SUPPLIED MATERIAL>

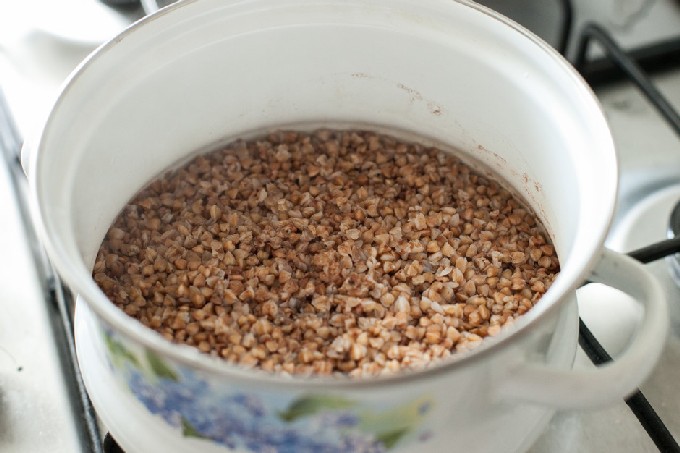 - Kook de boekweit in een aparte pan tot hij half gaar is.
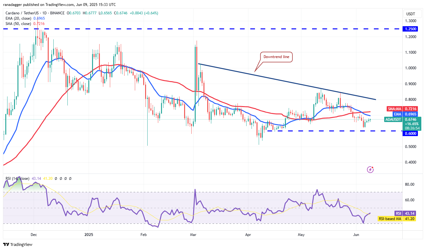 Cardano’s (ADA) recovery is facing resistance near the 20-day EMA ($0.69), indicating that the bears are selling on rallies.
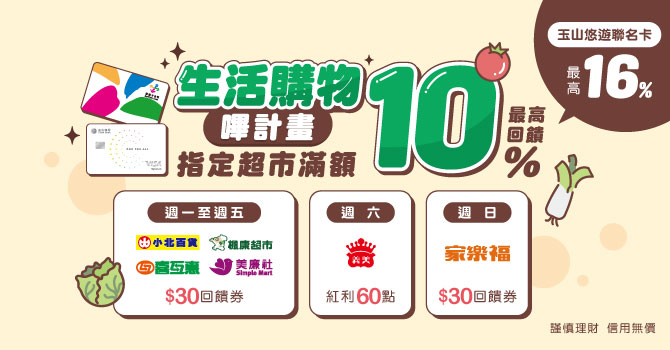 | 楓康超市 | 週一至週五 | 持悠遊卡/悠遊聯名卡,單筆消費滿300元(含)以上,享悠遊付楓康30元現金回饋券一份,單筆不累贈,每悠遊付會員回饋上限300元,優惠總限量6,000份,送完為止 | 持玉山悠遊聯名卡,單筆消費滿300元(含)以上,享悠遊付楓康20元現金回饋券一份,單筆不累贈,每悠遊付會員回饋上限200元,優惠總限量6,000份,送完為止 | |

WHAT IS NEEDED> Please return all of the material above exactly, minus any pictures.

TASK RESULT>
 - Kook de boekweit in een aparte pan tot hij half gaar is.
 Cardano’s (ADA) recovery is facing resistance near the 20-day EMA ($0.69), indicating that the bears are selling on rallies.
 | 楓康超市 | 週一至週五 | 持悠遊卡/悠遊聯名卡,單筆消費滿300元(含)以上,享悠遊付楓康30元現金回饋券一份,單筆不累贈,每悠遊付會員回饋上限300元,優惠總限量6,000份,送完為止 | 持玉山悠遊聯名卡,單筆消費滿300元(含)以上,享悠遊付楓康20元現金回饋券一份,單筆不累贈,每悠遊付會員回饋上限200元,優惠總限量6,000份,送完為止 | |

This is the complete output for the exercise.